***** Extracted material
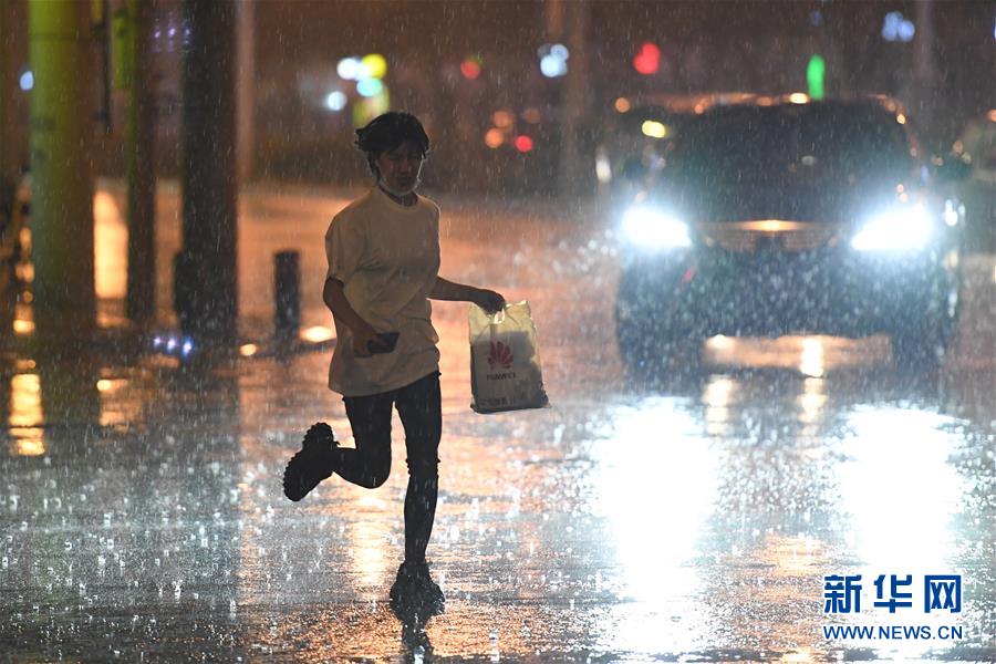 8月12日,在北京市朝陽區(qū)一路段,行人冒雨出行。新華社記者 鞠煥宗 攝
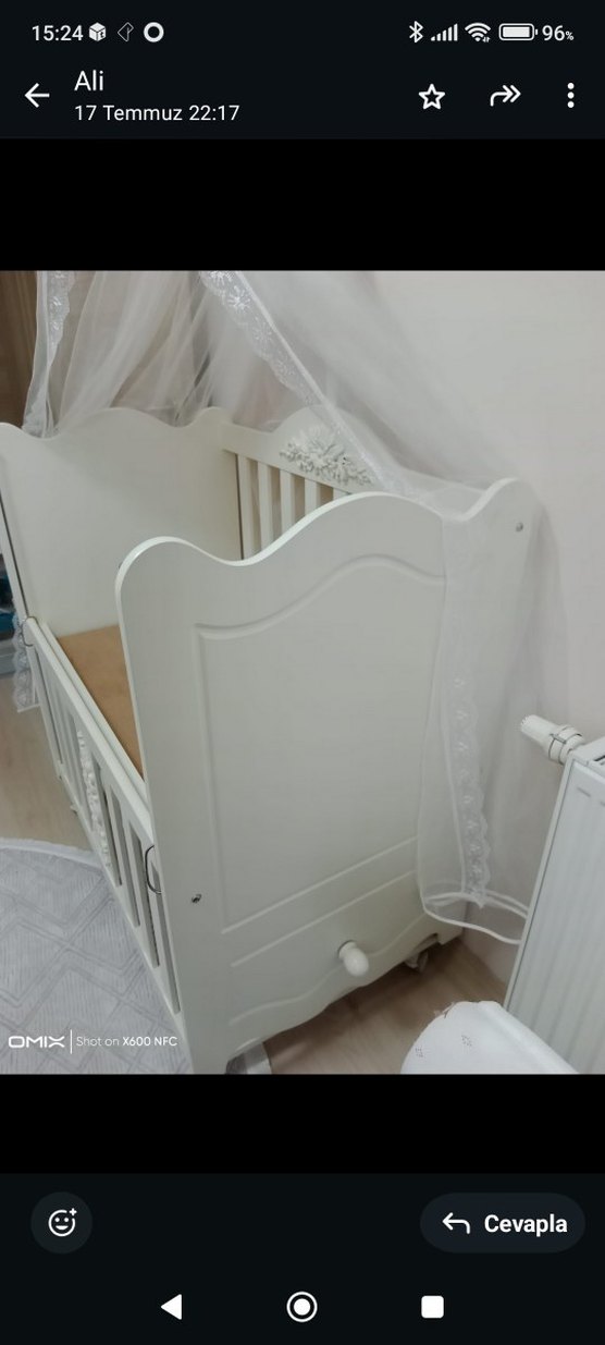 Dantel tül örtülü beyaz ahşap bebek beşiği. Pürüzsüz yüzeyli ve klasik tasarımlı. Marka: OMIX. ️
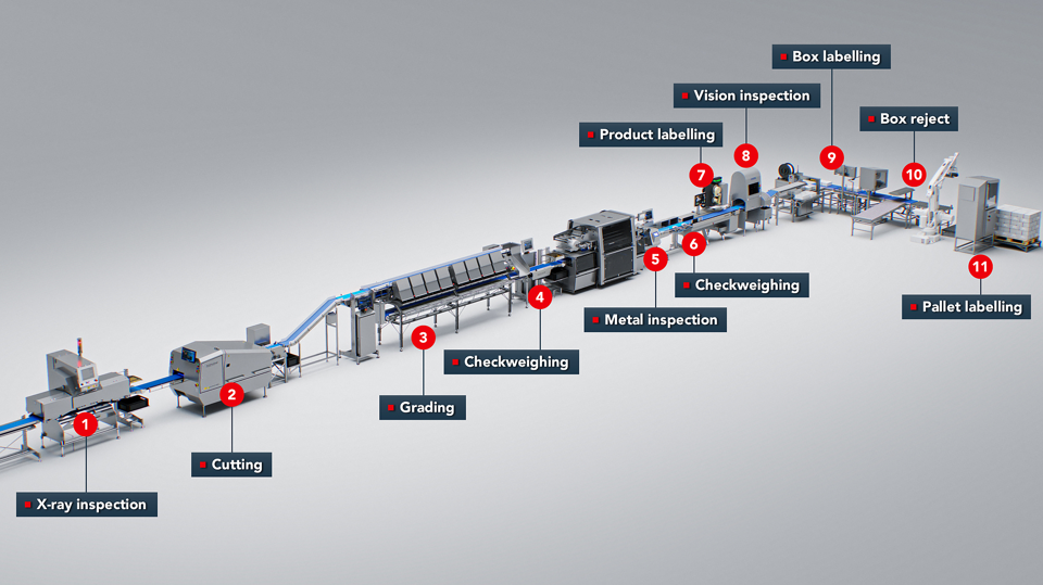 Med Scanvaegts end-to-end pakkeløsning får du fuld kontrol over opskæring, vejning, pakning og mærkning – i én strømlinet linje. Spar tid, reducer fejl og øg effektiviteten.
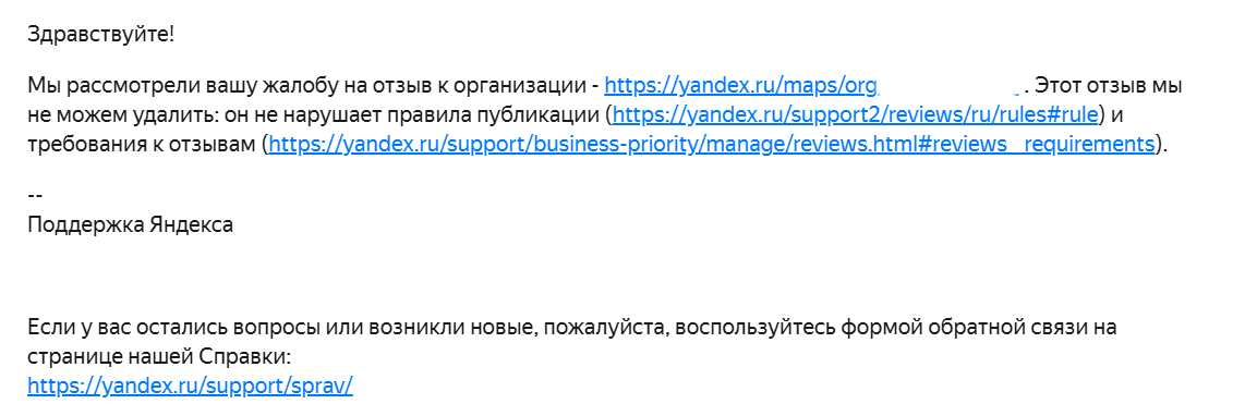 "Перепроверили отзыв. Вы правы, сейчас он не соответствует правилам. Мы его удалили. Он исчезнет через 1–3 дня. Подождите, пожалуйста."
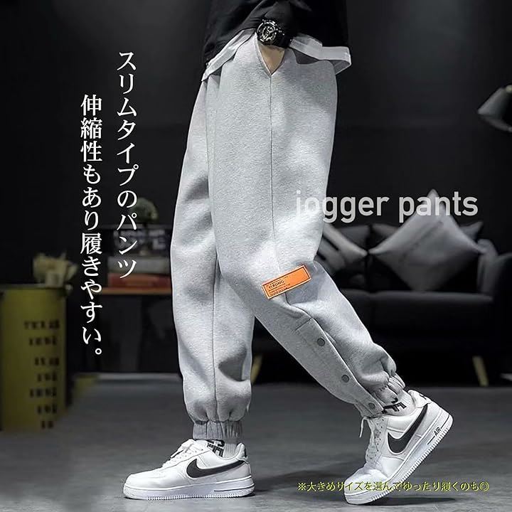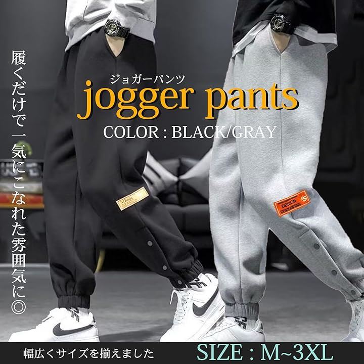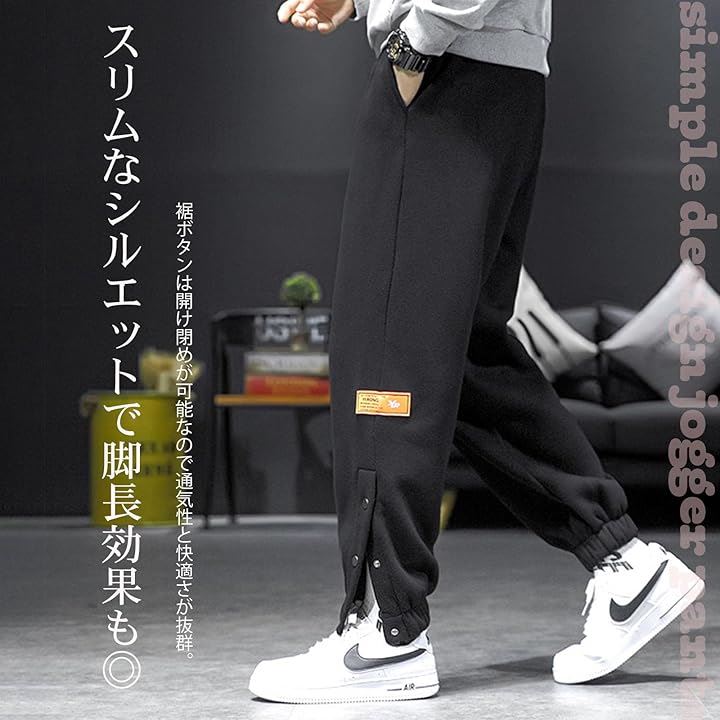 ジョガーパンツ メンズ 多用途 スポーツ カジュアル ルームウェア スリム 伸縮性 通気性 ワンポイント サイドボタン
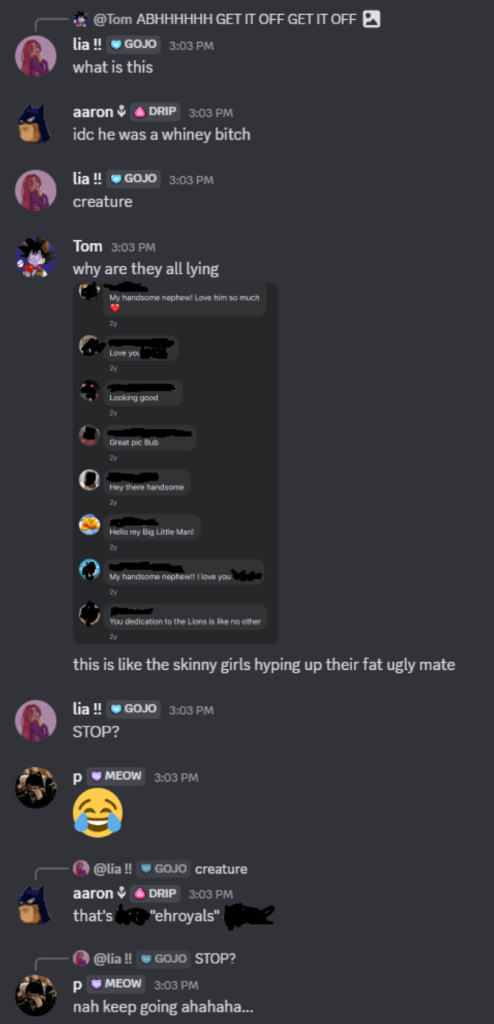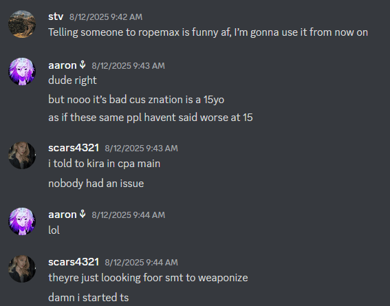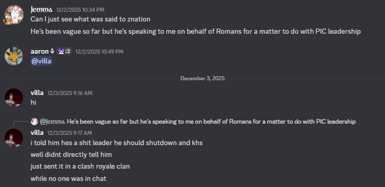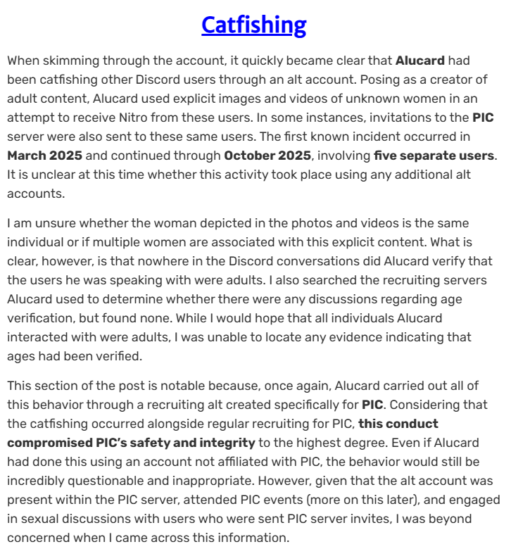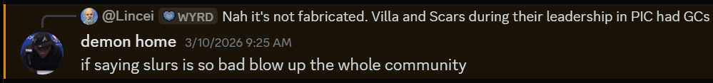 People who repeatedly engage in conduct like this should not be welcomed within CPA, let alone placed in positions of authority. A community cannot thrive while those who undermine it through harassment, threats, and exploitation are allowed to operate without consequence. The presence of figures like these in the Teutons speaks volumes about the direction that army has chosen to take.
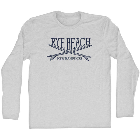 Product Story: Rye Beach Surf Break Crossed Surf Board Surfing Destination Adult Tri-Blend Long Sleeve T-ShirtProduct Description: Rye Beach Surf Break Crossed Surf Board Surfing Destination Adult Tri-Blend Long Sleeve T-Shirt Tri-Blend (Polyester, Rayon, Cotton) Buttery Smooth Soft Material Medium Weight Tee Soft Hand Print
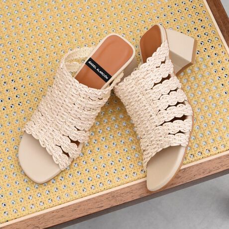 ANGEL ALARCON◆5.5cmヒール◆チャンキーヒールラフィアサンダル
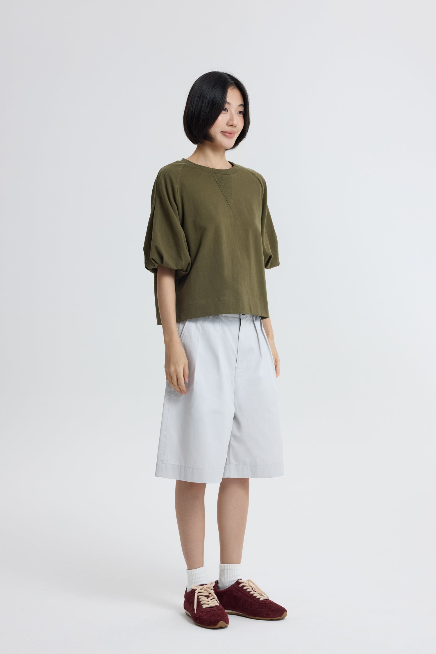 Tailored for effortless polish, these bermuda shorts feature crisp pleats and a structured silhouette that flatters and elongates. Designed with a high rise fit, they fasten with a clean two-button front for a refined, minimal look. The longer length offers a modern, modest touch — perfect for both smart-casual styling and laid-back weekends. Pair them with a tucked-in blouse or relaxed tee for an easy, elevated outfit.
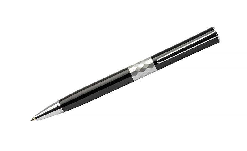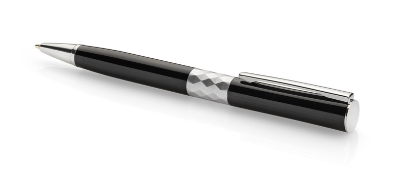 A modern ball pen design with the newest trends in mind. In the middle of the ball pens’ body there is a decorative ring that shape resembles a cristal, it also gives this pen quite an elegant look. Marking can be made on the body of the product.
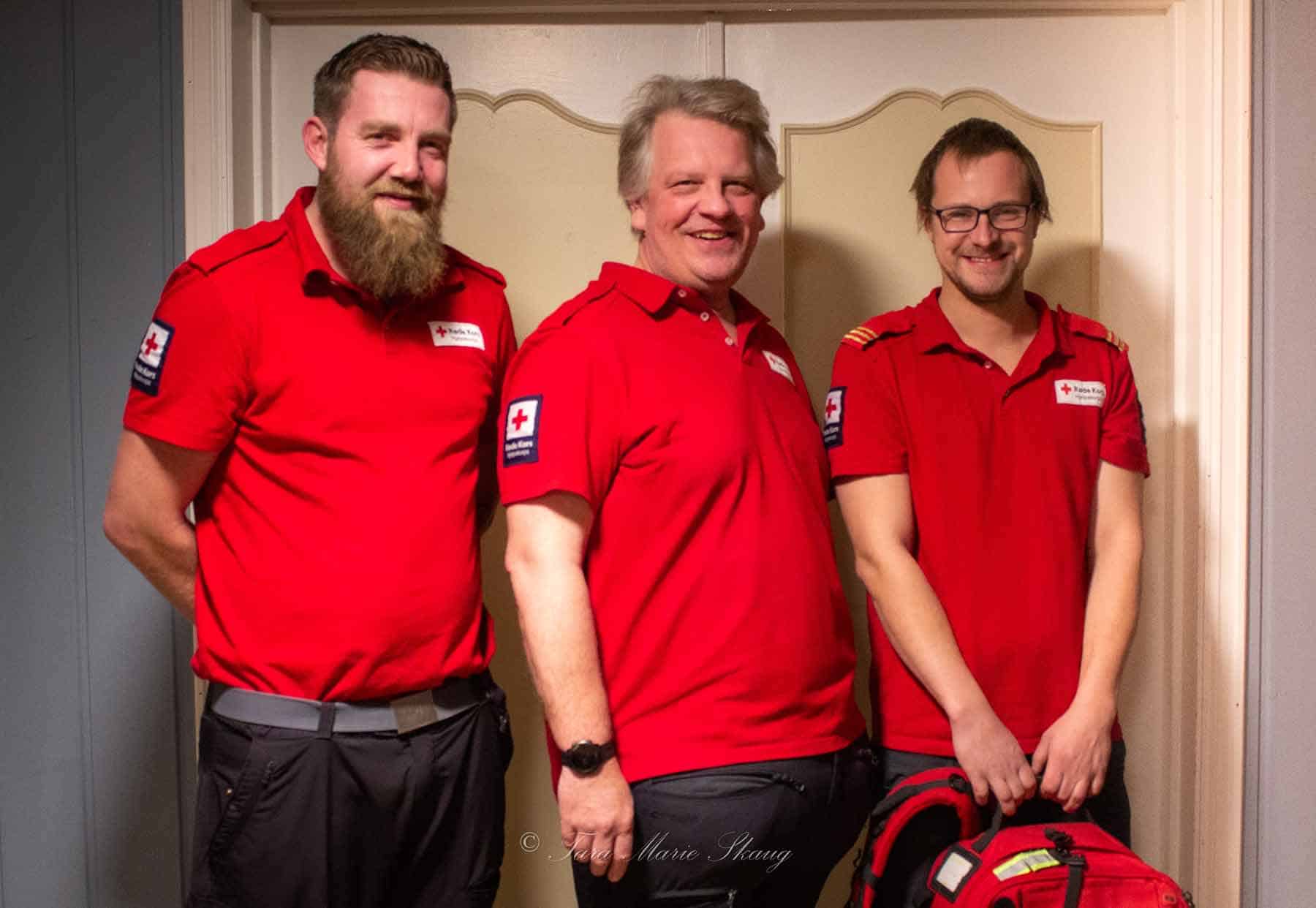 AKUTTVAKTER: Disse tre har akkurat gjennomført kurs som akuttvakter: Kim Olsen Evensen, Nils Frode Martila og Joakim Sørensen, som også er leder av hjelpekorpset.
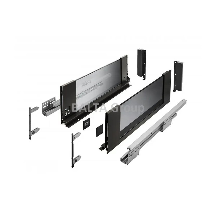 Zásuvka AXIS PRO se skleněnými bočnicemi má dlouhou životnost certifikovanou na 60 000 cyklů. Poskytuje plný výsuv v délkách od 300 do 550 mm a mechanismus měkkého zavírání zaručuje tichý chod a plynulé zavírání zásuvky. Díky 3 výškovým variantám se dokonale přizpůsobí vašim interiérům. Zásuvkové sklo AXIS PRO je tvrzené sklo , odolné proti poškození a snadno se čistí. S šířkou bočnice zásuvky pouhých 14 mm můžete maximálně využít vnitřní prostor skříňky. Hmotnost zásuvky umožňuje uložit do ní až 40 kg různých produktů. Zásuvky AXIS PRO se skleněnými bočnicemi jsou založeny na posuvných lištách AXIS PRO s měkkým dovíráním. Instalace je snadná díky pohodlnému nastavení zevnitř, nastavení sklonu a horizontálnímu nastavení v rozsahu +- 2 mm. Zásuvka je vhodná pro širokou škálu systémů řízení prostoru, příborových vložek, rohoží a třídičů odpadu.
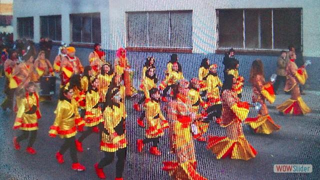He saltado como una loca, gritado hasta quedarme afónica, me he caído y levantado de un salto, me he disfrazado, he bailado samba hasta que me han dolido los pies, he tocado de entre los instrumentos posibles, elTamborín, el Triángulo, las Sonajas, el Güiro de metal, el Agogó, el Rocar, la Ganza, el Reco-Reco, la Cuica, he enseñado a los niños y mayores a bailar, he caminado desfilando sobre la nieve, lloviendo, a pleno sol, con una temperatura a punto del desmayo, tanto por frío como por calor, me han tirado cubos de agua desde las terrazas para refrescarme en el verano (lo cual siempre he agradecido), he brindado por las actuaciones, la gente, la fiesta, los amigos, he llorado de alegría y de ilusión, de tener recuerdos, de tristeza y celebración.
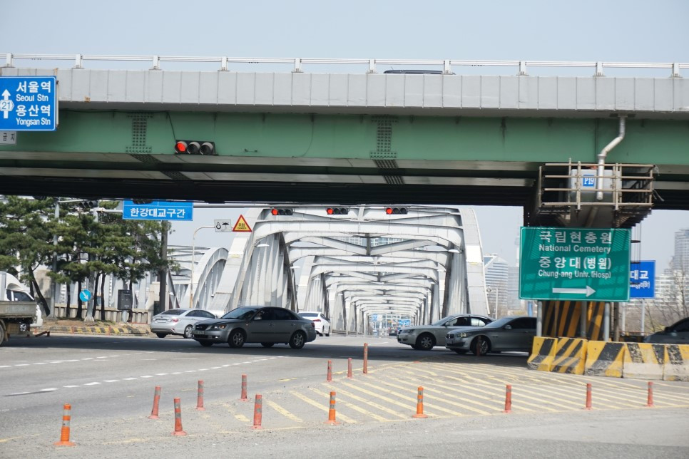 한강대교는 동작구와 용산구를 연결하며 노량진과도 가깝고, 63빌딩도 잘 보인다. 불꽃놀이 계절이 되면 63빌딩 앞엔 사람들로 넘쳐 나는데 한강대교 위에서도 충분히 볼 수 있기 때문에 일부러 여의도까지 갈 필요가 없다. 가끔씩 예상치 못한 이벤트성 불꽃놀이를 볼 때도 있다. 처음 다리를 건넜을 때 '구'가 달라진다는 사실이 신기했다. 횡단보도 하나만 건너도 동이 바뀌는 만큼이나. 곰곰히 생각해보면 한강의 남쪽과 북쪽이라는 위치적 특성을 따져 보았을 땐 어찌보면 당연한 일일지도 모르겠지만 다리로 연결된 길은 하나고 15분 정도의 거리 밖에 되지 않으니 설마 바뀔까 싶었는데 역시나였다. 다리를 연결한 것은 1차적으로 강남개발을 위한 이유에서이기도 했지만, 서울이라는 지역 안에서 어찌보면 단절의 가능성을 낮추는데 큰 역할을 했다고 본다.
**********
◆ **Goal of the exercise**:
Take the entries above and copy exactly the lines starting at the one with "Med Scanvaegts end-to-end" and ending at the one with "ANGEL ALARCON◆5.5cmヒール◆チャンキーヒールラフィアサンダル"; nothing outside that span, and no pictures.

◆ **Solution to this problem**:
 Med Scanvaegts end-to-end pakkeløsning får du fuld kontrol over opskæring, vejning, pakning og mærkning – i én strømlinet linje. Spar tid, reducer fejl og øg effektiviteten.
 "Перепроверили отзыв. Вы правы, сейчас он не соответствует правилам. Мы его удалили. Он исчезнет через 1–3 дня. Подождите, пожалуйста."
 ジョガーパンツ メンズ 多用途 スポーツ カジュアル ルームウェア スリム 伸縮性 通気性 ワンポイント サイドボタン
 People who repeatedly engage in conduct like this should not be welcomed within CPA, let alone placed in positions of authority. A community cannot thrive while those who undermine it through harassment, threats, and exploitation are allowed to operate without consequence. The presence of figures like these in the Teutons speaks volumes about the direction that army has chosen to take.
 Product Story: Rye Beach Surf Break Crossed Surf Board Surfing Destination Adult Tri-Blend Long Sleeve T-ShirtProduct Description: Rye Beach Surf Break Crossed Surf Board Surfing Destination Adult Tri-Blend Long Sleeve T-Shirt Tri-Blend (Polyester, Rayon, Cotton) Buttery Smooth Soft Material Medium Weight Tee Soft Hand Print
 ANGEL ALARCON◆5.5cmヒール◆チャンキーヒールラフィアサンダル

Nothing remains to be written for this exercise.